Please set down only the lines from the one containing "Жүктеп алу |" through the end of the entries below, exactly, minus any pictures.

Source records
BEGIN
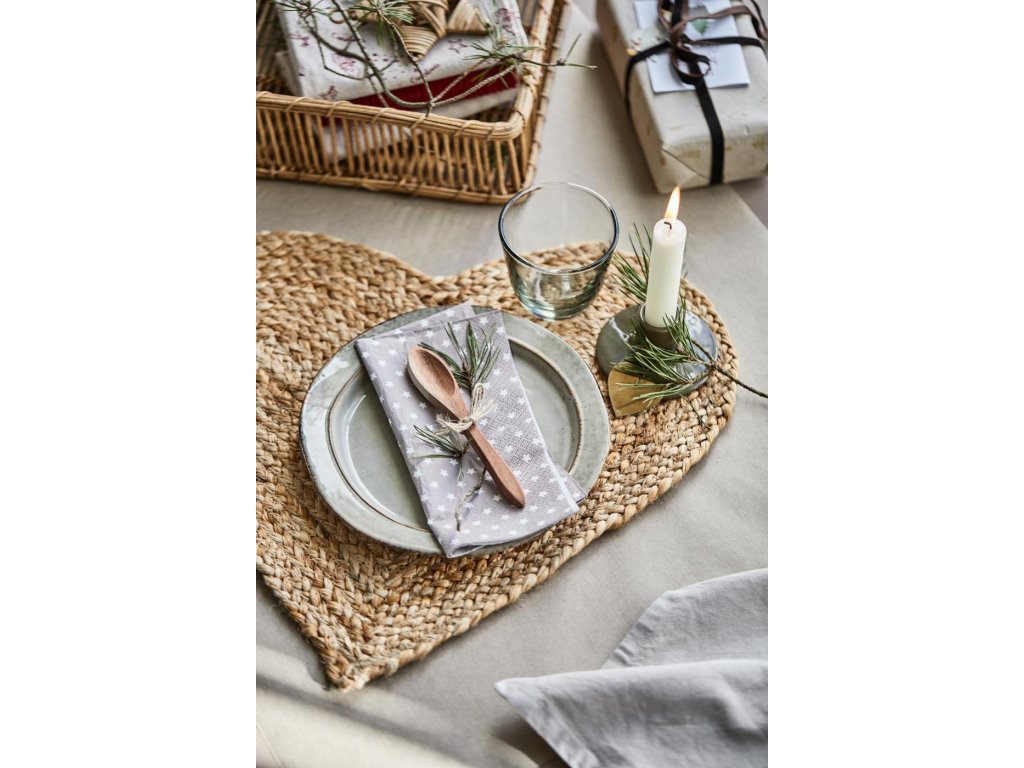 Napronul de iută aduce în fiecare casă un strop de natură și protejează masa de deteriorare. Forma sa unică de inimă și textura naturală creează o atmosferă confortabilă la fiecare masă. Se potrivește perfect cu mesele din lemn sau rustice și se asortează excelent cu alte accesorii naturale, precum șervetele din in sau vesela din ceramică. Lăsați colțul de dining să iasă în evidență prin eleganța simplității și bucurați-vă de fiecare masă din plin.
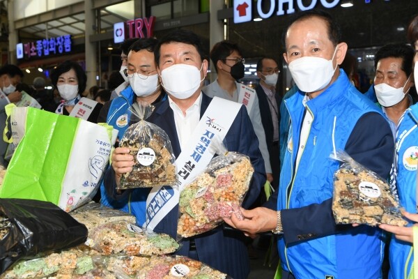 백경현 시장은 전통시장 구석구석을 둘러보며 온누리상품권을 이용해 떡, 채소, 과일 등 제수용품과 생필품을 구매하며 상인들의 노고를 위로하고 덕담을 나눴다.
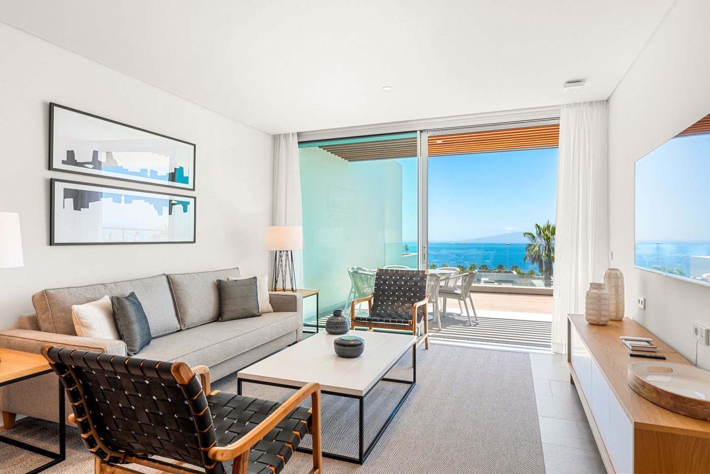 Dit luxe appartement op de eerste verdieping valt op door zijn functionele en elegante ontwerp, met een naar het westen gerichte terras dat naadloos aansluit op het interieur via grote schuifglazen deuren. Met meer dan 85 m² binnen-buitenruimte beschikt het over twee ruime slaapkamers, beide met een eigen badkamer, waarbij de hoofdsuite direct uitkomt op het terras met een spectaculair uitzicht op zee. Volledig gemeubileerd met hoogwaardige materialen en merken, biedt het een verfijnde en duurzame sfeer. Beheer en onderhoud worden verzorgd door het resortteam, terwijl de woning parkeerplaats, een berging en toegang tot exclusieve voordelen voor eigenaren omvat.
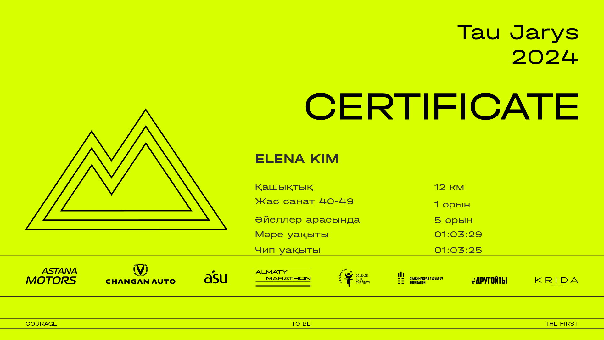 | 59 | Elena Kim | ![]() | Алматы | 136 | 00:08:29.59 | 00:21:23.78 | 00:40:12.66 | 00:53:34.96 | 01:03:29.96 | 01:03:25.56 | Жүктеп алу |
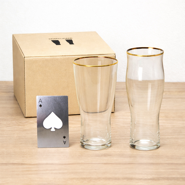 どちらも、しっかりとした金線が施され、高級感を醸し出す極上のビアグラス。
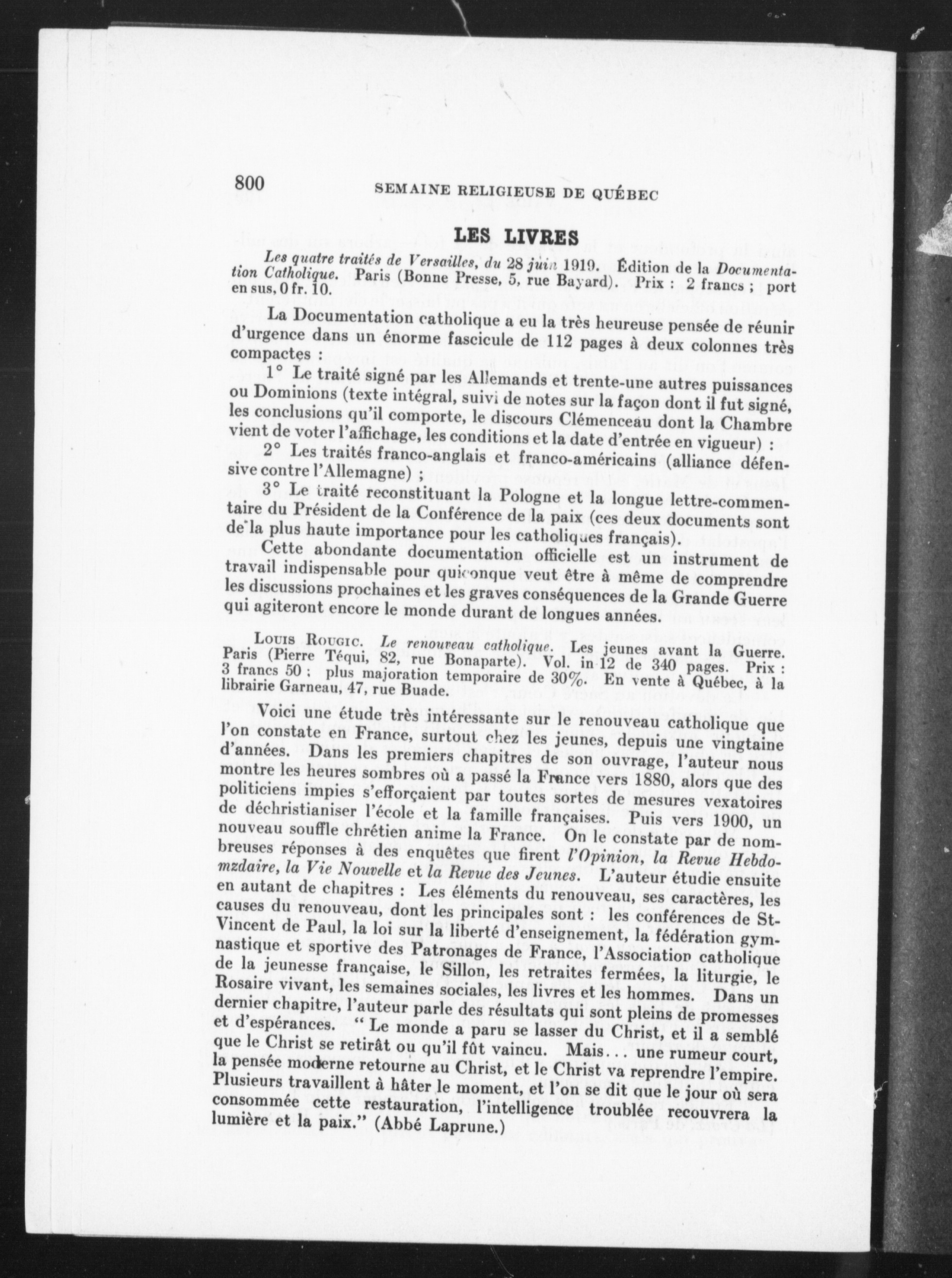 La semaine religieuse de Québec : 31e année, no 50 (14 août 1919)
END
Solution to this problem ▸
 | 59 | Elena Kim | ![]() | Алматы | 136 | 00:08:29.59 | 00:21:23.78 | 00:40:12.66 | 00:53:34.96 | 01:03:29.96 | 01:03:25.56 | Жүктеп алу |
 どちらも、しっかりとした金線が施され、高級感を醸し出す極上のビアグラス。
 La semaine religieuse de Québec : 31e année, no 50 (14 août 1919)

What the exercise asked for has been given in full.